Strip out all images, then restate the data verbatim.

The data:
= Beginning of Section =

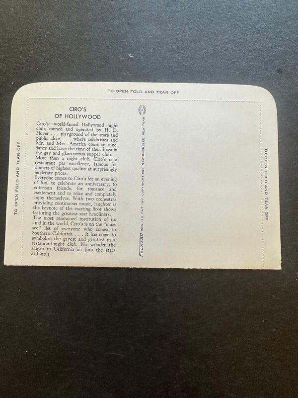 Ciro's Hollywood Nightclub of the Stars Vintage Original Promo Card c 1950's , measuring approx 4x6 inches We are gradually releasing from our historic archives original photographs, negatives, transparency, slides, movie posters, magazines, books, press books, pins, autographs, trading cards, press badges and other rare collectors items.
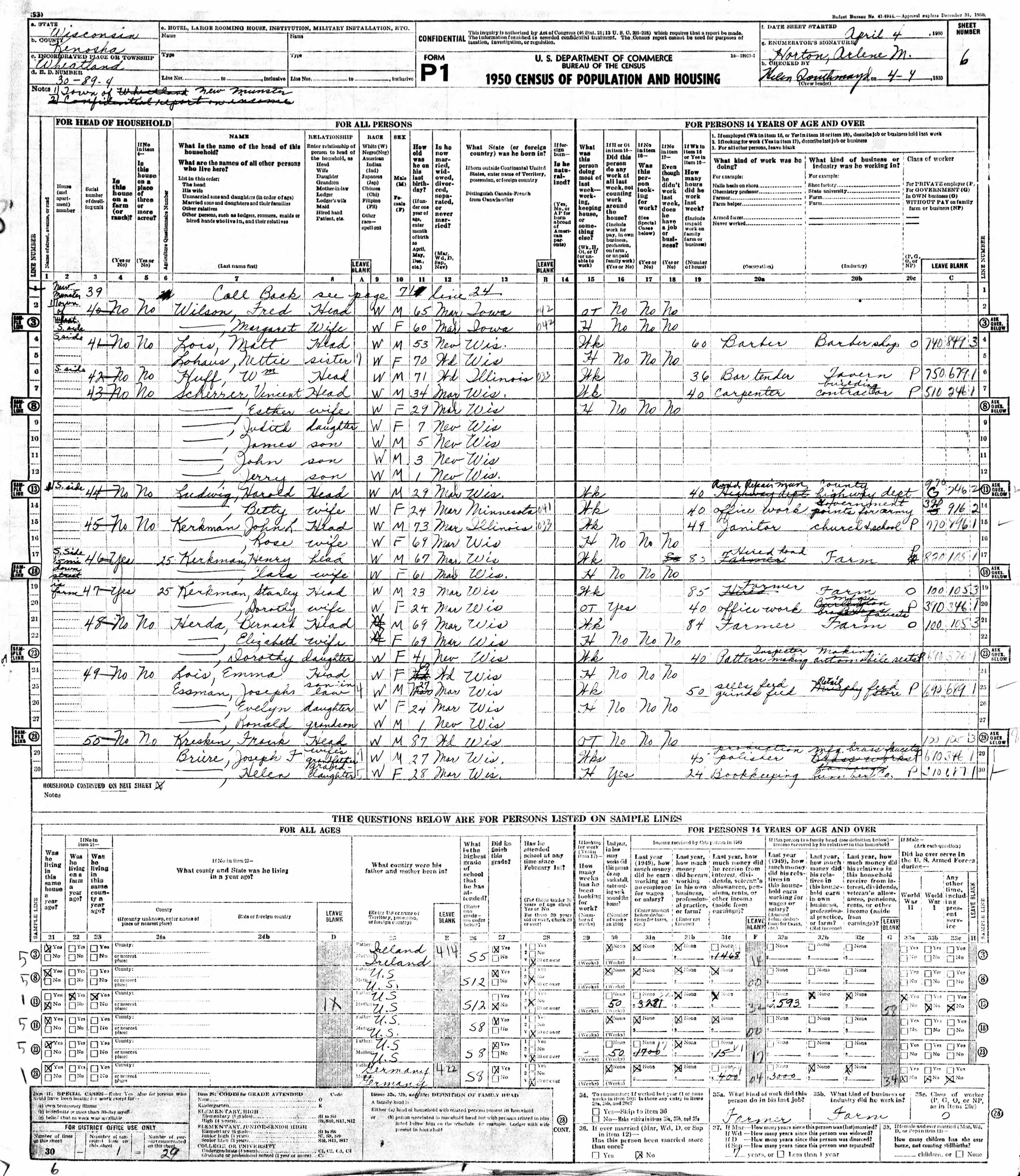 Year: 1950; Census Place: Wheatland, Kenosha, Wisconsin; Roll: 3355; Page: 6; Enumeration District: 30-89
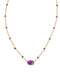 Mini Elisa Enamel Framed Pendant Necklace Gold Purple Mother Of Pearl

= End of Section =

Response to the task:
 Ciro's Hollywood Nightclub of the Stars Vintage Original Promo Card c 1950's , measuring approx 4x6 inches We are gradually releasing from our historic archives original photographs, negatives, transparency, slides, movie posters, magazines, books, press books, pins, autographs, trading cards, press badges and other rare collectors items.
 Year: 1950; Census Place: Wheatland, Kenosha, Wisconsin; Roll: 3355; Page: 6; Enumeration District: 30-89
 Mini Elisa Enamel Framed Pendant Necklace Gold Purple Mother Of Pearl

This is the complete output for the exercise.